Le ton du commissaire ne tolérait aucune remarque. Théo l’avait bien compris ainsi. Il opina du chef et sortit rejoindre son propre bureau, réprimant son mécontentement. Vraiment, ce n’était pas le moment qu’on lui mette dans les pattes une minette qui se prenait pour une diseuse de bonne aventure !
Le temps de pianoter sur son ordinateur, il récupéra un dossier qui avait été posé sur son bureau, en parcourut les quelques pages en diagonal. Pas besoin d’être médium pour comprendre ce que ce dossier sous-entendait. Il se laissa tomber sur la chaise de son bureau et se passa les mains sur le visage. Cette affaire de meurtre d’un enfant de deux ans lui prenait la tête. Deux de ses hommes, José Cortez et Alex Delmas étaient à ce moment même en plein interrogatoire du père d’Enzo, ce petit ange retrouvé mort dans sa propre chambre deux jours auparavant. Il abandonna le dossier, le jeta sur son bureau pour rejoindre son équipe.
Depuis la pièce attenante à la salle d’interrogatoire, séparée de celle-ci par une glace sans tain agrémentée de micros et de caméras, il suivit quelques minutes l’interrogatoire qui se déroulait sous ses yeux. Le jeu de ses hommes était sans faille, répondant au cliché désormais célèbre du bon et du mauvais flic. José Cortez, la trentaine, de type hispanique, toujours habillé avec classe, arrogant et provocateur, affichait ouvertement son dédain et son mépris face à un père qu’il accusait d’avoir tué son propre enfant. Alex Delmas, la quarantaine grisonnante, posé, calme, en bon père de famille, atténuait l’agressivité de son collègue et enjoignait au père de dire la vérité, celle qu’il entrevoyait, au nom de la sauvegarde du reste de la famille. Mais le père, le visage ravagé par la douleur, continuait à arguer qu’il ignorait ce qui s’était passé, que quelqu’un avait dû pénétrer chez eux, il ne voyait pas d’autres solutions.

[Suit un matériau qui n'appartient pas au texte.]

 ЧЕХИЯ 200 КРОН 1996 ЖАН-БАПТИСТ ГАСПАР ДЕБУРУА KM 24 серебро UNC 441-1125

— Monsieur Lucas, c’est bien gentil votre théorie du cambrioleur qui s’introduit chez vous, commença Delmas, d’une voix douce, presque empathique. Mais pourquoi un simple cambrioleur tuerait-il un enfant de deux ans, même si celui-ci l’avait surpris ? Nous sommes persuadés que vous savez ce qui s’est passé. Ne rien dire ne fait qu’aggraver votre situation et celle de votre famille. Nous allons être obligés d’interroger votre fils aîné, même si vous n’êtes pas d’accord !

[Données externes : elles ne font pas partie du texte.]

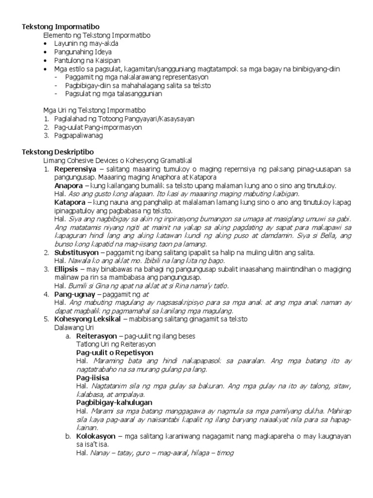 Paggamit ng mga nakalarawang representasyon Pagbibigay-diin sa mahalagang salita sa teksto Pagsulat nga mga talasanggunian Mga halimbawa Mga Uri ng teksto Impormatibo. Isulat Ito Kung Kinakailangan 4 Sa Pagsulat Ng Tekstong. Anong uri ng tekstong impormatibo ang binasa.

— Diégo n’a rien à voir dans ce drame ! trancha le père d’une voix à la fois agressive et désespérée. Je vous en conjure, laissez-le tranquille, il souffre déjà assez de la disparition de son frère !
— Monsieur Lucas, lança Théo qui entrait dans la salle d’interrogatoire, nous allons nous arrêter là pour ce soir. Votre garde à vue est prolongée. Il est tard, je vous souhaite une bonne nuit. Nous réentendrons votre épouse demain en fin de matinée. J’espère que la nuit vous portera conseil ! termina Théo en faisant signe à ses collègues de le suivre.
— Vous n’avez pas le droit de faire ça, de me retenir ici, même si vous ne me croyez pas ! hurla alors Vincent Lucas.
Or, Théo ne voyait pas les choses ainsi.
— Et si tu te trompais Théo ? l’apostropha José Cortez. Il dit qu’il est innocent, il paraît désespéré…
— Personne n’est entré chez eux ! C’est un membre de la famille qui a tué le petit, ou un proche qui était présent. Je ne dis pas qu’il est coupable, mais je suis persuadé qu’il sait qui l’est ! Demain, Emma reprendra l’interrogatoire.
— Changement de stratégie ? supposa Delmas en souriant. On envoie une femme ?
— Emma aura peut-être plus de chance que vous de faire parler un père. L’instinct féminin, les gars ! ironisa Théo. Et en parlant de gonzesse, on en a une nouvelle qui débarque demain !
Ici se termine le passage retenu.